As a former figure skater and gymnast, I saw this firsthand, since some of my teachers had defected in order to live a "free" life, safe from the eyes of "the state" (very much like Big Brother) where they could live, work and espouse their own opionions freely with their personal creativity and humor, which had been watched over and heavily criticized before they left. They were told (and threatened repeatedly) with the mantra, "This is the way it has always been done. You are replaceable. We will get rid of you, one way or another, because you are all basically the same." Very harsh! America had (and still has) freedom of speech and the right to criticize a public official and their philosophy.

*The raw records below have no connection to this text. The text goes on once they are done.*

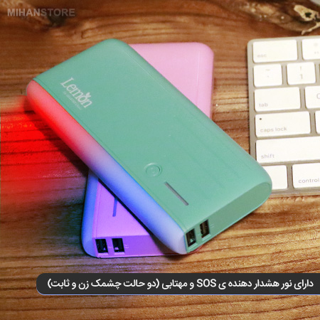 پاوربانک لمون 8000 با ظرفیت اسمی 8000 میلی‌آمپرساعت محصول برند «Lemon» است. این محصول با دو درگاه خروجی امکان شارژ هم‌زمان دستگاه‌هایتان را به شما می‌دهد. باتری این شارژر از نوع لیتیومی است و ولتاژ ورودی و خروجی این شارژر همراه 5 ولت است. بنابراین اگر دستگاه‌های 5 ولتی مانند گوشی، تبلت یا دوربین دیجیتال یا پخش‌کننده همراه دچار مشکل کمبود شارژ شد و به برق شهری یا خودرو دسترسی نداشتید، این پاور بانک مشکل شما را حل می‌کند. شدت‌جریان ورودی آن 1.2 آمپر است و درمجموع 2.1 آمپر می‌توان از آن خروجی گرفت. با این شدت‌جریان 2.1 که برای تبلت‌ها مناسب است، گوشی‌های موبایل سریع‌تر از حالت معمولی شارژ می‌شوند. از روی نشانگر LED آن می‌توان میزان شارژ باقی‌مانده را فهمید و یک چراغ LED بزرگ روی آن وجود دارد. این چراغ هم مانند چراغ‌قوه عمل می‌کند هم می‌تواند حالت هشداردهنده SOS داشته باشد. علاوه‌براین می‌توانید چشمک‌زن قرمز و آبی را نیز فعال کنید. بدنه‌ی آن از پلی کربنات و پلاستیک ABS ساخته‌شده است و جای خط و خش به‌آسانی روی آن نمی‌افتد.
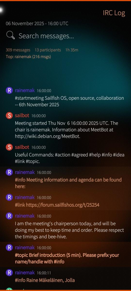 SFOS Meetings - Sailfish OS Meeting Logs Viewer
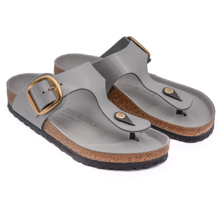 Sandali Birkenstock Donna Gizeh Grigio In Pelle Verniciata
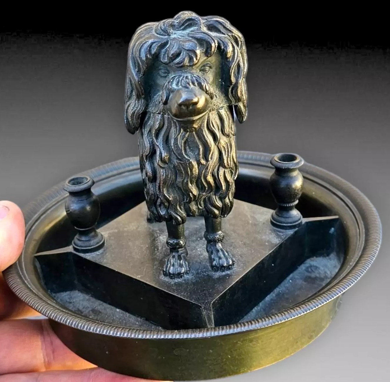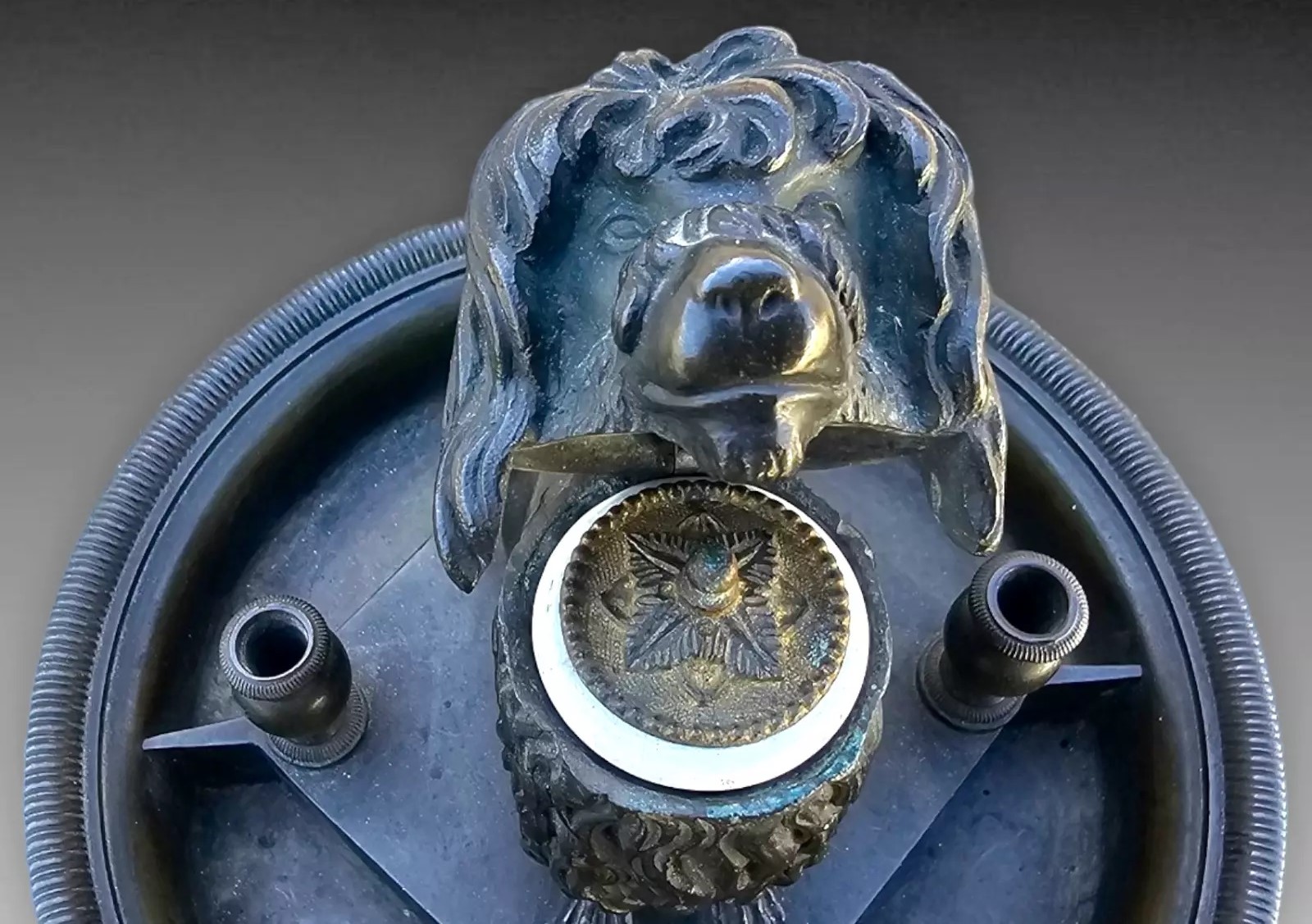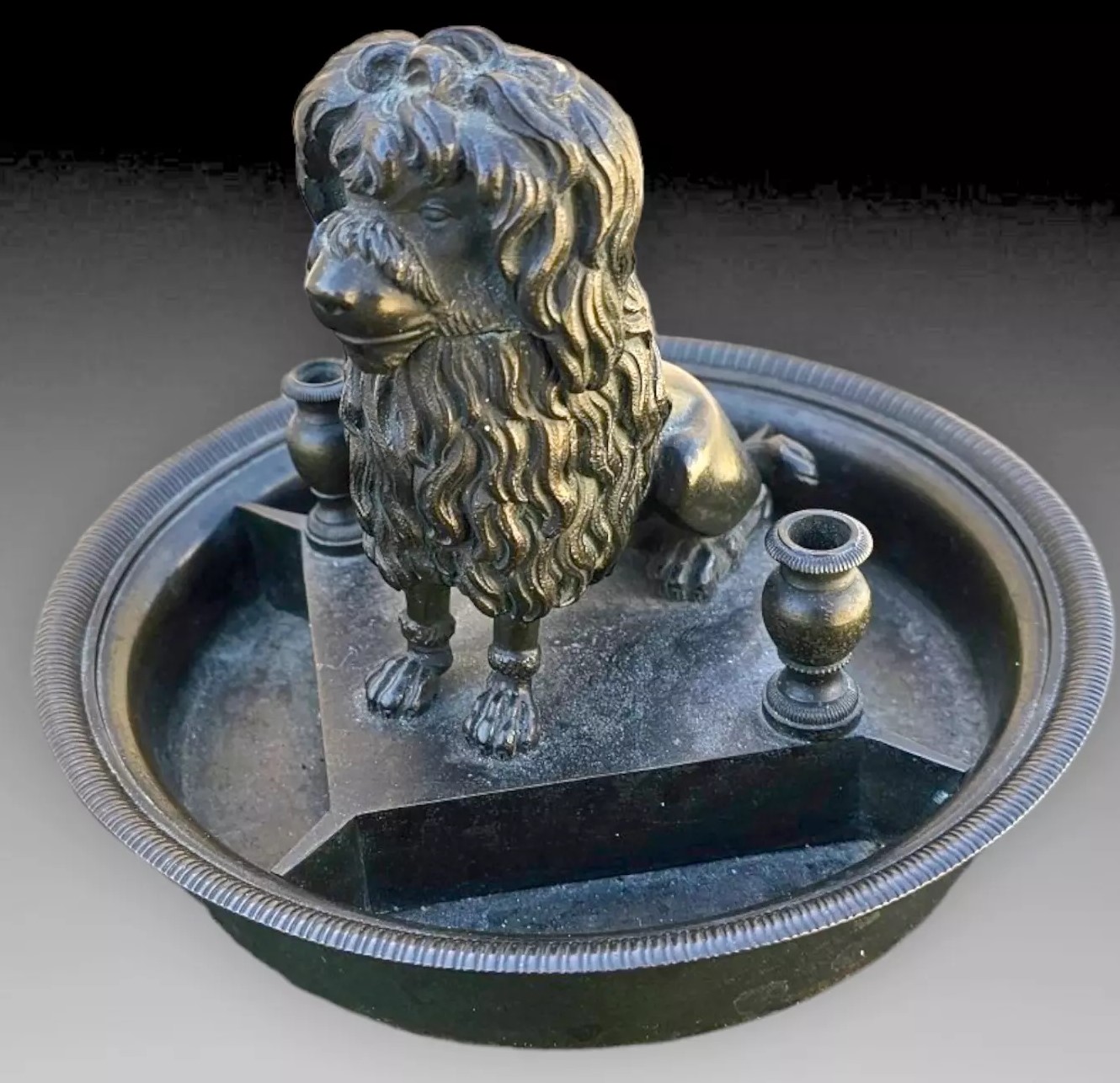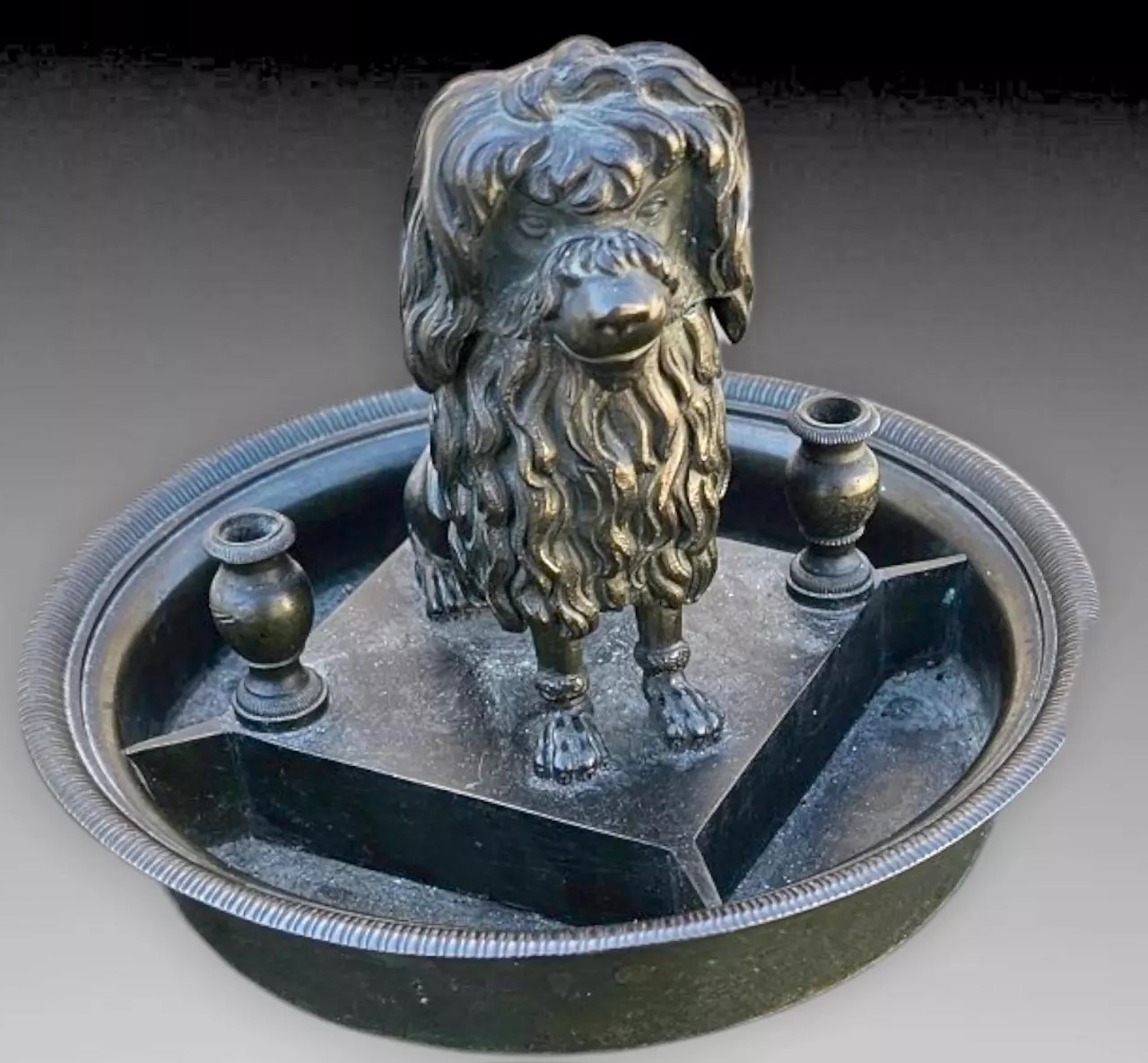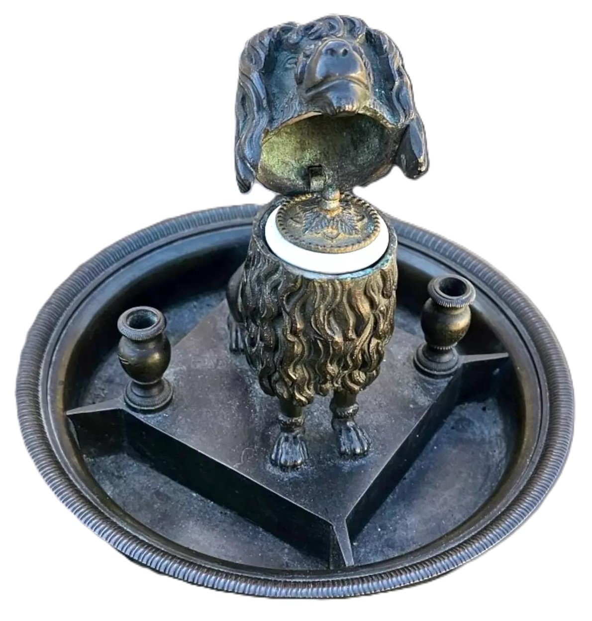 This inkwell features a French poodle, with meticulous attention to detail in capturing the dog’s curly fur and expressive face. The poodle’s head serves as a hinged lid, which, when opened, reveals another hinged cover. This secondary cover provides access to the porcelain insert where ink is stored. The inkwell is set on a circular base, which includes two pen holders.

Questioning those in power in the former USSR got you sent to backbreaking labor in the gulag, Siberia, or you were "disappeared" and your family members were threatened, since they were next in line should they disobey. Paranoia ran high, although those teachers took their training methods to American students (such as myself) and made us winners with shiny gold medals. Soviet/USSR and even today's skaters/gymnasts are usually teams and pairs, such as pair skating and ice dance, it is never one, while Americans will usually have the ladies or the men's event being the overall point-totalled winner. This philosophy, while not so "outward" today, still stands, all you have to do is watch these sports, and you will see the pattern.
The breakdown basically is: USSR/Soviet = Team philosophy, country, groups, The State. America = The Individual, Personal philosophy, individuality. Communism, though a failed concept, was supposed to be for the good of "all", whereas in America, it's supposed to be capitalist: the "perfect" person and standout individual with the right mindset, the "hard work" ethic, and the distinct characteristics of personality, fortune or simply luck is the one that rises to the top. The USSR officially fell in December 1991. It took them a few years to redo their flag and their anthem, while many former Soviets immigrated to the USA.